When Is It A Good Time To Retire? Thoughts From Curio Wealth

Wondering when is a good time to retire? Having helped hundreds of clients prepare for retirement, we can confidently say that the right time to retire is when you’re both financially and emotionally ready.

The financial and emotional sides of the retirement equation are inextricably linked. For example, financial projections may show you’ll run out of money at age 90—and you might be comfortable with that if your priority is to enjoy life today. In contrast, you may never want to take the chance of your money running out. Perhaps you saw your parents or in-laws experience a similar situation and it impacted your worldview. Regardless, when it comes to retirement, it’s easy to see how finances and emotions are tied together.

In this blog post, we’ll discuss retirement readiness in more depth, and explore how your Curio Wealth advisor can help you plan for your golden years.

Time for a catch-up on your finances? Schedule a call with your Curio Wealth advisor today.

Financial And Emotional Retirement Readiness

Being financially ready to retire means you have enough assets and/or income streams to support your future lifestyle once you’re no longer working. Getting to this stage requires thinking carefully about what you want your life to look like in retirement, and estimating what that might cost. For the latter part of the process, your Curio Wealth advisor can lend a hand.

Being emotionally ready to retire looks different for everyone. In some situations, folks are wiped out from work, stressed, or facing other health issues that cause them to realize it’s time to stop working and to focus on themselves. In other instances, people’s careers naturally wind down, especially if they’re working to earn a paycheck, rather than working for a purpose they feel passionate about.

Sometimes, an individual or couple might be financially ready to retire, but not emotionally ready. They may have Social Security and a pension that would cover all their spending needs, or even millions of dollars in investments, but they’re still worried about whether they’ll be able to make ends meet. Alternatively, some folks are so attached to their careers that they can’t imagine retiring. The process of getting ready to retire looks different for everyone depending on these financial and emotional factors, and the way they interplay.

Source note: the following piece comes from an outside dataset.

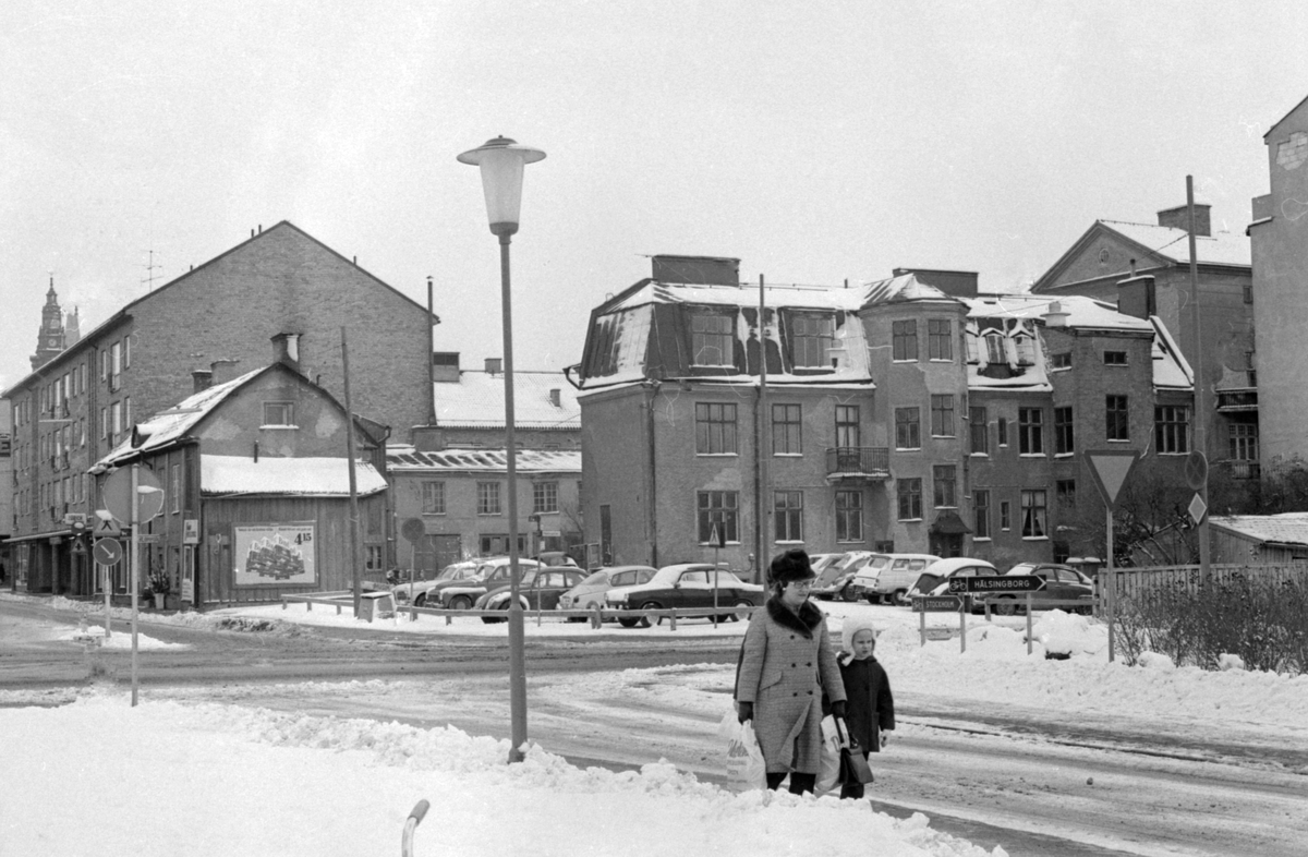 Om man i början av 1970-talet mötte centrala Linköping från Storgatans östra ände, slogs man av denna vy. Som synes ett ganska slitet intryck. Närmast Storgatan 3.

Preparing For Retirement: 3 Key Steps

As a Curio Wealth client, we can help you arrive at the right decision for you. If you come to us and say you’re ready to stop working, here’s what we’ll do to help you get ready to make the transition:

1. Start With Today

We’ll start by assessing your current standard of living, and whether you’d be happy with that same lifestyle in retirement. You may be content with your life today, but looking to travel more in your golden years. This is important to consider.

2. Plan For The Future

Next, we’ll confirm which income sources you’ll have to support your desired lifestyle in retirement—for example, Social Security or a pension. If those aren’t going to be enough, we’ll look at how we can supplement your income with other assets.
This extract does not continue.